### TASK REQUIREMENTS
Retype the records below exactly as given, but only from the first line through the line with "Peeps for Pets", and without the pictures.

### EXTRACTED RECORDS
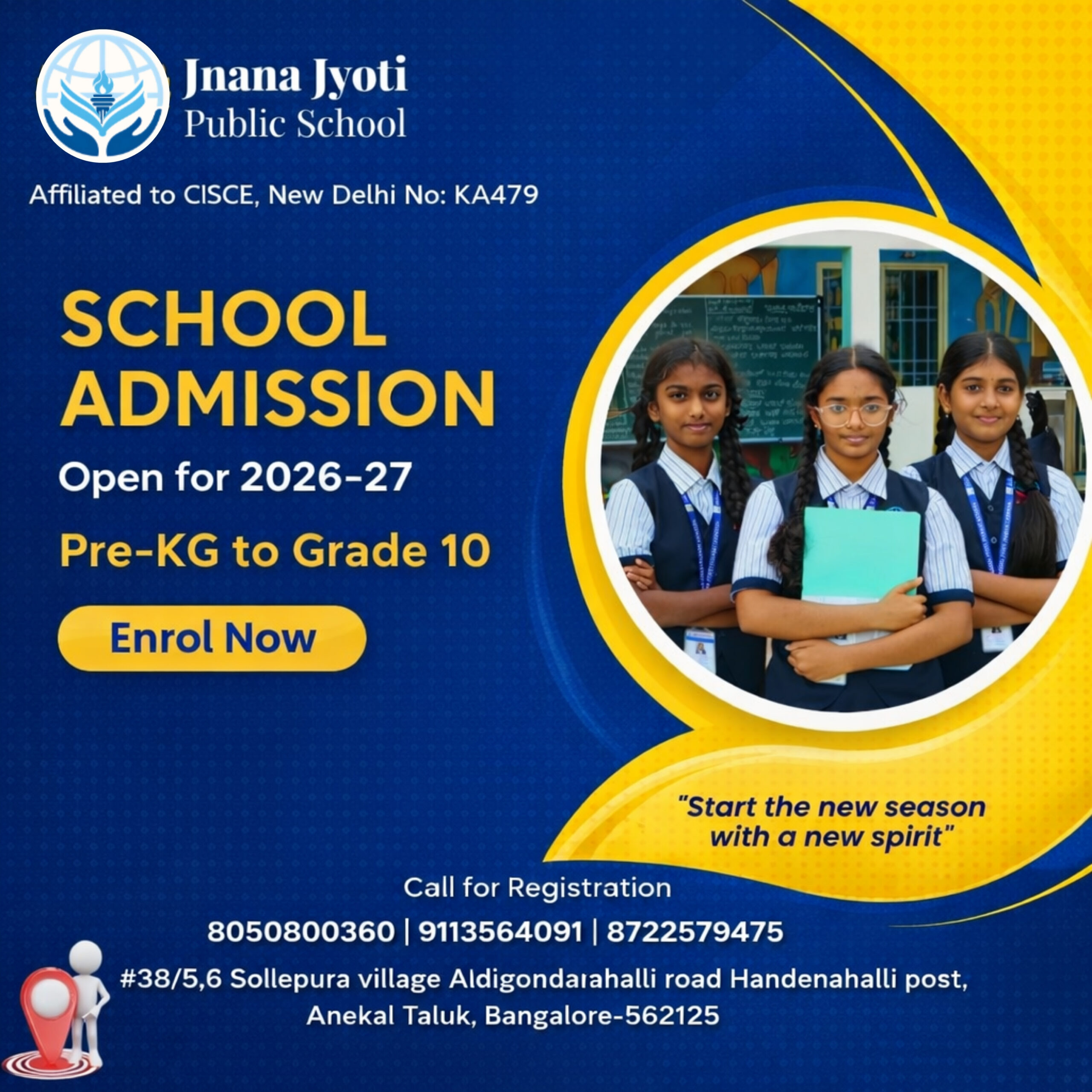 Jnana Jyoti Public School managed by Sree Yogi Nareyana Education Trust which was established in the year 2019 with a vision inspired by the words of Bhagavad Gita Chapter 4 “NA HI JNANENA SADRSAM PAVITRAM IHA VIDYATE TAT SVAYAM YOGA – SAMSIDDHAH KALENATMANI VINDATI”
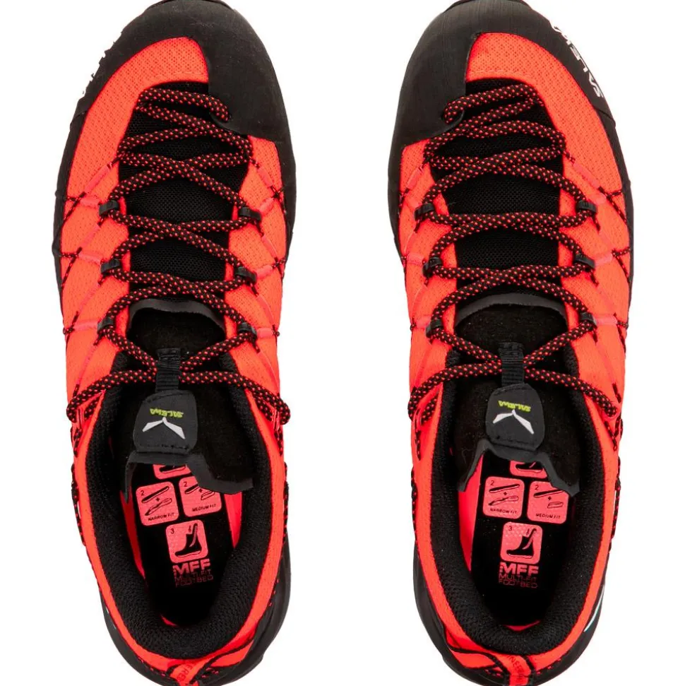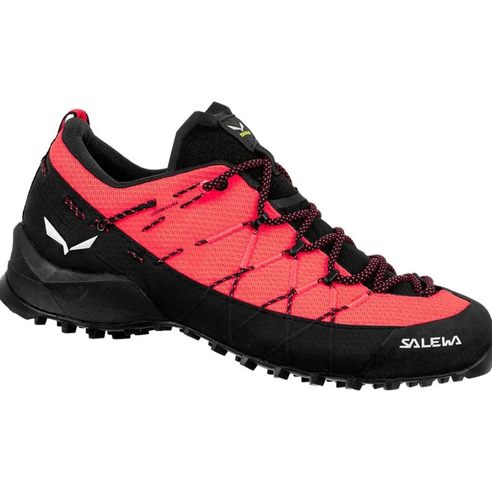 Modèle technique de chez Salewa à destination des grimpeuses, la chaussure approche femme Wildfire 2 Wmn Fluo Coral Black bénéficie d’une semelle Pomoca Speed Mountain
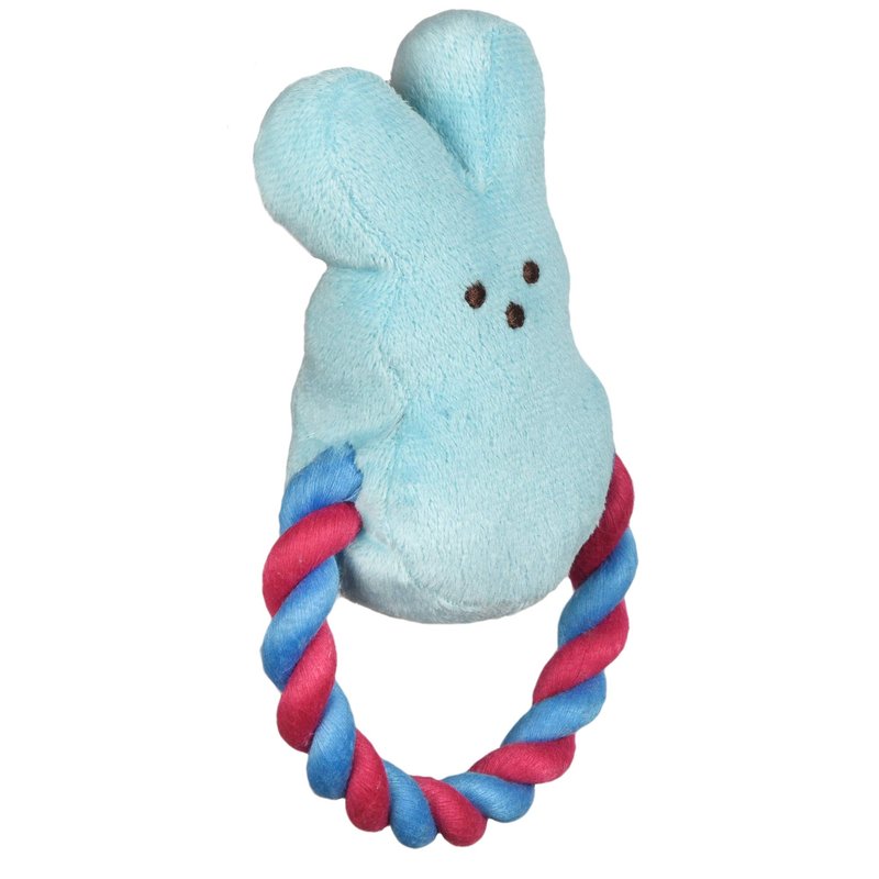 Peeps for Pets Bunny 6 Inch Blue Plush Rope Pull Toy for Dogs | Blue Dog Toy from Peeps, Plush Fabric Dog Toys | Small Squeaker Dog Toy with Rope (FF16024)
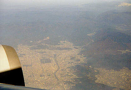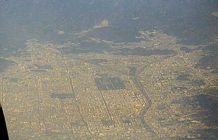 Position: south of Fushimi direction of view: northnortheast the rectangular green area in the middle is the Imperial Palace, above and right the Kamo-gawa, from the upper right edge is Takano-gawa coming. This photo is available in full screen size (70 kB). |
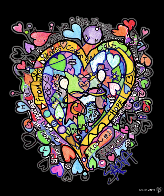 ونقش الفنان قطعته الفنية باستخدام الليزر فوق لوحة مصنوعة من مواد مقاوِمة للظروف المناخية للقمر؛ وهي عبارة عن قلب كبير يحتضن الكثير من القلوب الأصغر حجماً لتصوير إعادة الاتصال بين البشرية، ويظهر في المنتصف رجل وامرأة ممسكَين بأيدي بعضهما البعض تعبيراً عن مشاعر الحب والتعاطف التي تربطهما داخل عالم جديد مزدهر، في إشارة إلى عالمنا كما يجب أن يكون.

### RESULT OF THE EXERCISE
 Jnana Jyoti Public School managed by Sree Yogi Nareyana Education Trust which was established in the year 2019 with a vision inspired by the words of Bhagavad Gita Chapter 4 “NA HI JNANENA SADRSAM PAVITRAM IHA VIDYATE TAT SVAYAM YOGA – SAMSIDDHAH KALENATMANI VINDATI”
 Modèle technique de chez Salewa à destination des grimpeuses, la chaussure approche femme Wildfire 2 Wmn Fluo Coral Black bénéficie d’une semelle Pomoca Speed Mountain
 Peeps for Pets Bunny 6 Inch Blue Plush Rope Pull Toy for Dogs | Blue Dog Toy from Peeps, Plush Fabric Dog Toys | Small Squeaker Dog Toy with Rope (FF16024)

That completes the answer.